## TASK ITEM
Repeat the data exactly. Pictures stay out.

## RECORDED DATA
○ ○ ○ ○

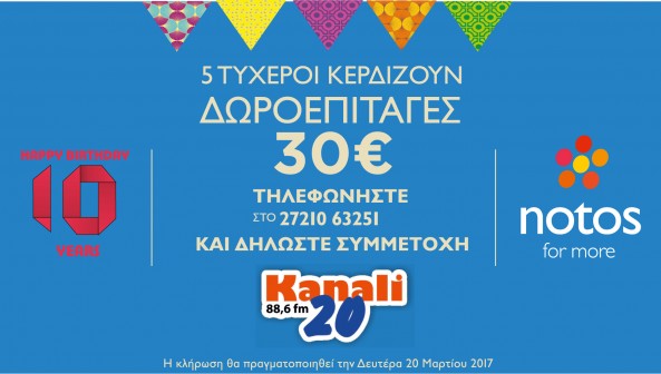 insert_link CITY FM 103.8 Κερδίστε 5 Δωροεπιταγές των 30€ από το πολυκατάστημα NOTOS! today16/03/2017 2
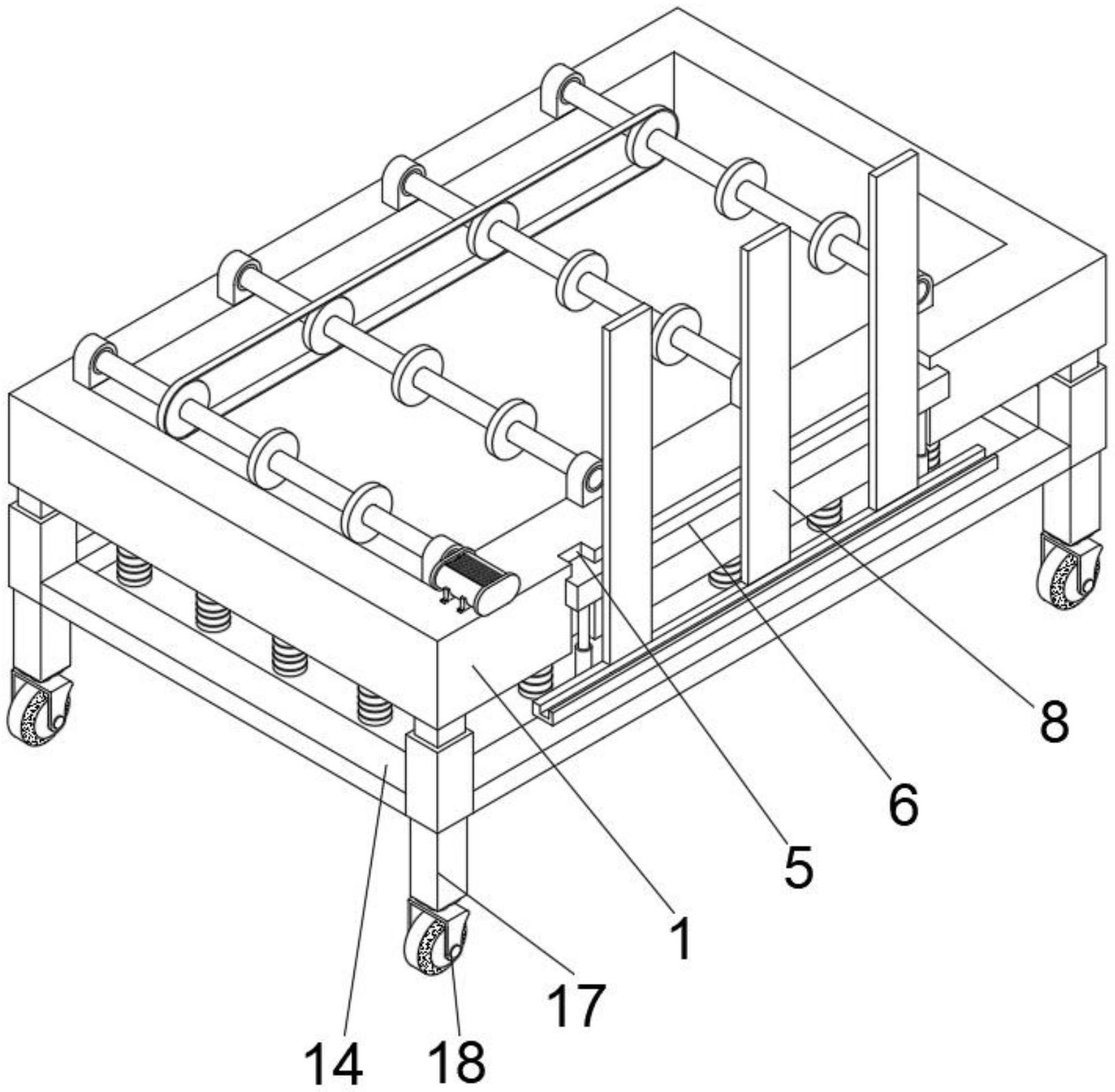 本实用新型涉及玻璃技术领域,公开了玻璃分片机的传送装置,包括传送台,所述传送台的上表面固定连接有固定块,所述固定块的内部固定连接有轴承,所述轴承内壁固定连接有转轴,所述转轴的外表面固定连接有滚动片,所述传送台的一侧开设有活动槽,所述活动槽的内部活动连接有支撑块,所述支撑块的一侧固定连接有铰链。本实用新型具有以下优点和效果:通过设置传送台、固定块、转轴、滚动片、活动槽、支撑块、铰链、支撑板、放置槽和伸缩杆,在通过玻璃分片机的传送装置进行传送玻璃时,将玻璃放置在放置槽的内部,再将玻璃的一侧靠在支撑板上,稳定好玻璃的位置后开启伸缩杆,伸缩杆升高带动支撑块移动位置。
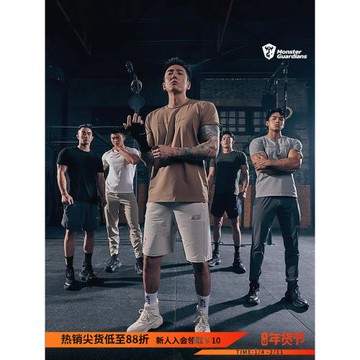 (免運)Monster Guardians男子夏季健身運動休閑短袖圓領修身跑步訓練T恤

○ ○ ○ ○

## THE COMPLETED TASK
 insert_link CITY FM 103.8 Κερδίστε 5 Δωροεπιταγές των 30€ από το πολυκατάστημα NOTOS! today16/03/2017 2
 本实用新型涉及玻璃技术领域,公开了玻璃分片机的传送装置,包括传送台,所述传送台的上表面固定连接有固定块,所述固定块的内部固定连接有轴承,所述轴承内壁固定连接有转轴,所述转轴的外表面固定连接有滚动片,所述传送台的一侧开设有活动槽,所述活动槽的内部活动连接有支撑块,所述支撑块的一侧固定连接有铰链。本实用新型具有以下优点和效果:通过设置传送台、固定块、转轴、滚动片、活动槽、支撑块、铰链、支撑板、放置槽和伸缩杆,在通过玻璃分片机的传送装置进行传送玻璃时,将玻璃放置在放置槽的内部,再将玻璃的一侧靠在支撑板上,稳定好玻璃的位置后开启伸缩杆,伸缩杆升高带动支撑块移动位置。
 (免運)Monster Guardians男子夏季健身運動休閑短袖圓領修身跑步訓練T恤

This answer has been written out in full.